*Your instructions*
Repeat the span of the entries below that starts at the line with "Desfrute do 'Combo" and ends at the line with "比如,上面两张表, tblOrderHeader, tblOrderDetail.", nothing more. Skip the pictures.

*Supplied material*
*** Begin section ***

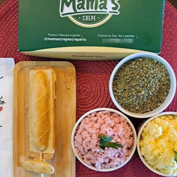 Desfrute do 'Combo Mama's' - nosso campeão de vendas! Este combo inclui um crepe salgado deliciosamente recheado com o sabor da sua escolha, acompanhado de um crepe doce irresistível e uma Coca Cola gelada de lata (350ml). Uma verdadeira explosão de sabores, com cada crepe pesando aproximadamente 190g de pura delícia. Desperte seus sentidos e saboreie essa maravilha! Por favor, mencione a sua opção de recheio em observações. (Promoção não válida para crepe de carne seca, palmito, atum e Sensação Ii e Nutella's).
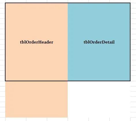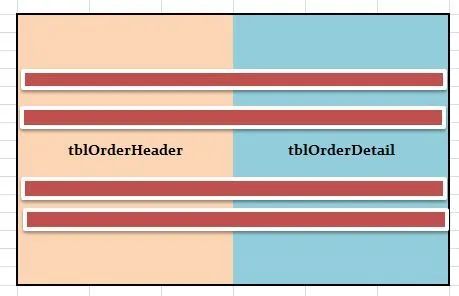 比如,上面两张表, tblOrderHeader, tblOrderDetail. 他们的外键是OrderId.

*** End section ***
*** Begin section ***

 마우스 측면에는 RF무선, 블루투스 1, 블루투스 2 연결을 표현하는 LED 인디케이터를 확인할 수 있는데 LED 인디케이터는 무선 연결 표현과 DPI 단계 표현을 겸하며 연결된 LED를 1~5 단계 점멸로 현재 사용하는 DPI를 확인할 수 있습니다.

*** End section ***

*Result*
 Desfrute do 'Combo Mama's' - nosso campeão de vendas! Este combo inclui um crepe salgado deliciosamente recheado com o sabor da sua escolha, acompanhado de um crepe doce irresistível e uma Coca Cola gelada de lata (350ml). Uma verdadeira explosão de sabores, com cada crepe pesando aproximadamente 190g de pura delícia. Desperte seus sentidos e saboreie essa maravilha! Por favor, mencione a sua opção de recheio em observações. (Promoção não válida para crepe de carne seca, palmito, atum e Sensação Ii e Nutella's).
 比如,上面两张表, tblOrderHeader, tblOrderDetail. 他们的外键是OrderId.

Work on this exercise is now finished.